一只小手拽住他背后的衣服,顾历知道,他是他们唯一的支柱和慰藉。只是,孩子们要救,眼前这个男人……似乎也是需要救的。
冬日的黑夜总是来得别样快,手腕上规律机械转动的银针告诉顾历,他们已经被困五个小时了。
如今顾历再庆幸自己学的是历史不过,上千年的故事,不怕没得讲。只是讲得太多,自己却也有些口干舌燥,有些孩子累到了极致,已然克制不住抱着双腿开始打瞌睡了。时不时有光束从外面照进来,晃在教室黑沉沉的墙壁上。那是手电筒的光,外面的村民还没有散去。
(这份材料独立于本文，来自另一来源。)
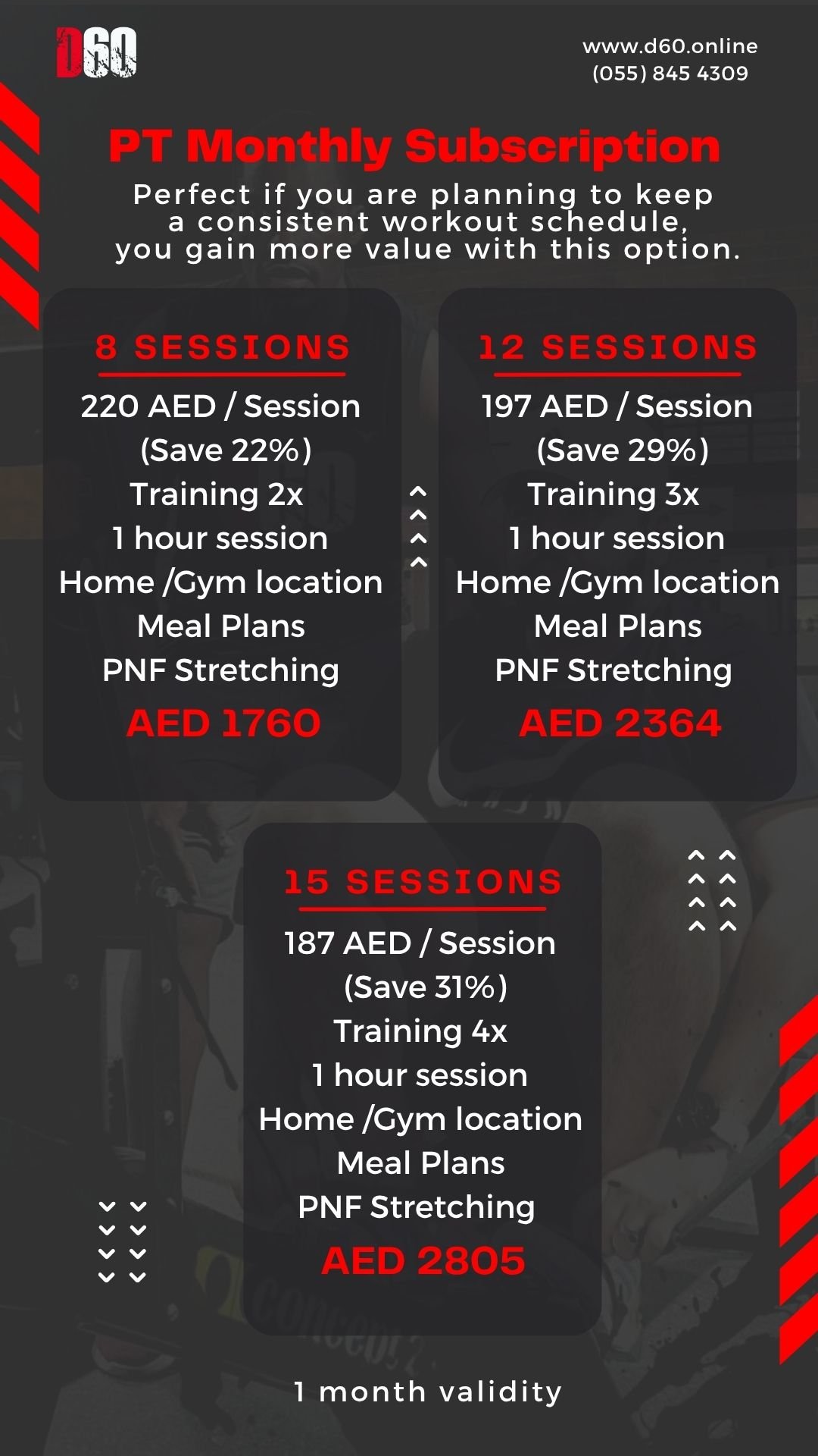 D60 is a high end Personal Training fitness subscription that focuses on helping you finally achieve your goals through daily training, nutrition protocols, daily follow up from coaches and by becoming part of a community that will support your journey! We strongly believe that the only way to get the results you want is through perfectly designed programs that guide you step by step and by being there with you every step of the way!

晚上八点半左右,第一个筹到钱的家长回来了。是一对夫妻,有村里最大的养蝎厂房。母亲的头发散乱着,在暗色的夜里和手电筒微弱光芒的照射下显得目光涣散。她紧紧搂住一个行李袋,好像护着一条性命。
她的男人扶着她,从避让开的人群中间走到最前面,大声喊孩子的名字。
“是我妈,是我妈!”一个男孩激动地站起来,随即被歹徒扬起的枪口对上。
“坐下!”他恶狠狠地喝道。那通电话结束后,男子失魂落魄了一会儿,不久又恢复正常,甚至比开始的时候更加镇定了,大概是下定了决心。
“把钱从窗户里扔进来!”他冲外面喊,同时打开了玻璃窗,枪仍旧指着男孩。“不许再靠近!不然我开枪了!”
一团黑色的影子从窗户里飞进来,男子用脚踢踢那袋子,退到门边打开锁,回头冲男孩说:“你可以走了。”
还围坐在一起的学生用羡慕的眼光目送飞奔离开的同学。
窗外响起了哭声,还有“爸!妈!”“我的孩子啊!”的呼喊声。但是顾历的心里仍旧沉甸甸的,那不过是众多学生中幸运的一个罢了,家境富裕,有疼爱他的父母亲。但是这么多孩子,有几个能有用十万块钱换命的家庭条件呢?
这不是解决问题的办法。
顾历看着那个倚靠在窗前的人影,不知为什么,他始终觉得那男子是不会真的对着人扣动扳机的。
他的身上有一种微妙的,说不清的违和感。即使在做这种大奸大恶的事,他似乎仍保持一种莫名的正义感。
顾历心中有一个模糊的概念,两年……死心塌地……心知肚明……弟兄们……如果真的和他所想是一样的,那么整件事就说得通了。他低下头暧昧不明地笑笑,真不知道自己是好运还是倒霉,明明是远离的,却比任何人都更靠近。
不过这样看来,此事却是非解决不可的了。